Weeks 1-4 focus on fundamentals—installation, basic configuration, template syntax, collections, data cascade, and simple builds. Build a basic blog or portfolio to understand core concepts.
Weeks 5-8 cover intermediate topics—data processing, custom filters and shortcodes, pagination, plugin integration, and multiple template languages. Build a documentation site or more complex blog with categories and tags.
Weeks 9-12 emphasize advanced patterns—performance optimization, custom plugins, complex data transformations, and build process customization. Build a project with API data integration or migrate a small site from another platform.
Months 4+ involve taking on paid projects, deepening expertise through real-world work, and building specialization in specific Eleventy use cases like documentation or migrations.
If you're new to template languages:
Add 2-4 weeks to learn Nunjucks or Liquid basics before diving into Eleventy. Understanding template syntax, filters, loops, and conditionals separately from Eleventy concepts makes learning smoother.
General timeline notes:
These timelines assume consistent practice building actual projects. Reading documentation without building won't develop the practical skills clients need.
Eleventy has a gentler learning curve than React-based frameworks because there's less to learn—no state management, no component lifecycle, no virtual DOM. You can start taking simple projects around month 3, though expertise continues developing through real work.
Everyone's timeline varies based on prior experience, learning pace, and time investment. If you have strong web fundamentals, Eleventy's simplicity makes it one of the faster frameworks to learn.
Is This For You?
Eleventy development suits you if you have JavaScript and HTML skills and want to specialize in a framework that prioritizes simplicity over complexity. It's a growing but not mainstream market, meaning less competition but also fewer explicit job listings.
This works well if you appreciate elegant, simple solutions over complex ones. Eleventy's philosophy is doing more with less, which appeals to developers who value maintainability and performance over feature abundance.
You'll do well if you enjoy content-focused projects—blogs, documentation sites, portfolios, and marketing pages. These are Eleventy's sweet spot and often have reasonable budgets.
Remote work flexibility is a major advantage. Eleventy development happens entirely online with access to global clients.

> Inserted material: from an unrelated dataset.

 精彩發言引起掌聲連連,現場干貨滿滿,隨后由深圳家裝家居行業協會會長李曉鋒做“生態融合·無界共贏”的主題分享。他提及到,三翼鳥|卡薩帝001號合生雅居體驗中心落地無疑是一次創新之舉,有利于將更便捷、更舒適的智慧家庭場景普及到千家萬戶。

However, you need comfort with a smaller market. There are fewer Eleventy-specific job listings than React or Next.js. You'll often suggest Eleventy for projects rather than responding to Eleventy requests.
You need tolerance for educating clients about the framework. Unlike established tools where clients already understand the value, you'll frequently explain technology choices and why simpler is better.

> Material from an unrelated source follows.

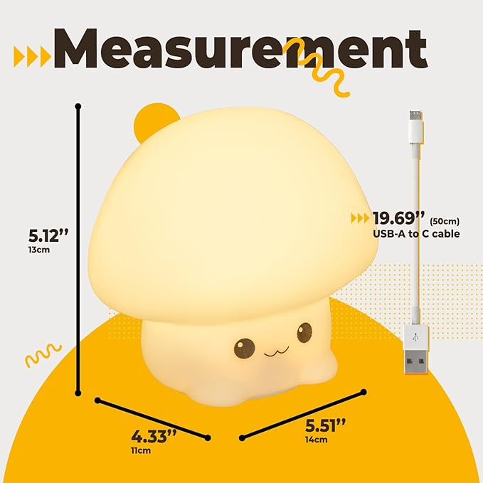 LED Squishy Animal Night Light - 2 Level Dimmable Nursery Lamp for Kids, Rechargeable Touch Lamp, Cute Dorm Decor - Perfect Baby Boys Girls Gift (Cartoon Mushroom)
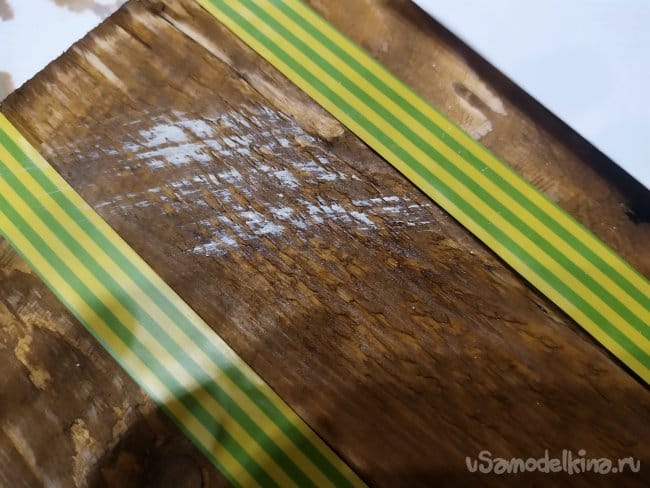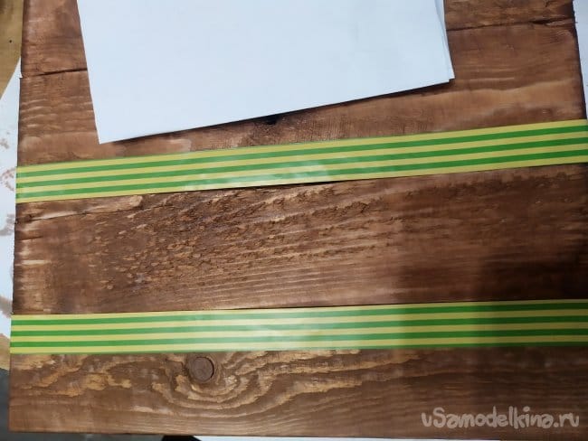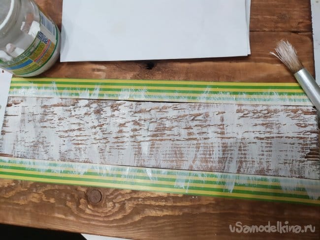 Первый будет белый, я использую обычную акриловые краску. Наливаем в маленькую баночку. Выбираем любую досточку, и обклеиваем ее липкой лентой или малярным скотчем с двух сторон.

If you prefer working with highly interactive applications, Eleventy isn't the best fit. It excels at content sites, not complex web applications requiring significant client-side JavaScript.

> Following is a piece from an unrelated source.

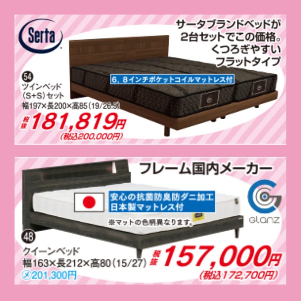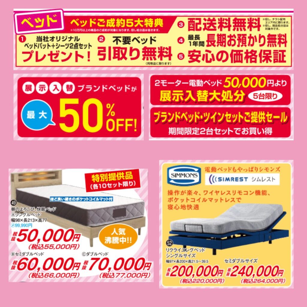 また、期間中はベッドご成約で配送無料や不要ベッドの引取など嬉しいサービスもご用意。

You need comfort working independently. Freelancing means solving problems solo and making architectural decisions without team input.
If you're completely new to web development, this isn't the starting point. Learn JavaScript, HTML, and CSS first. Eleventy is simpler than React-based frameworks, making it an accessible second step after fundamentals.
Consider whether you value working with proven, stable technology. Eleventy is mature and trusted by major organizations, offering stability compared to newer experimental frameworks.
The financial reality is that building consistent freelance income takes 6-12 months after learning the technical skills. You need financial runway for that ramp-up period.
If you have solid web fundamentals, appreciate simplicity and performance, enjoy content-focused projects, and can handle educating clients about technology choices, Eleventy development offers steady income potential in a less saturated market than mainstream frameworks.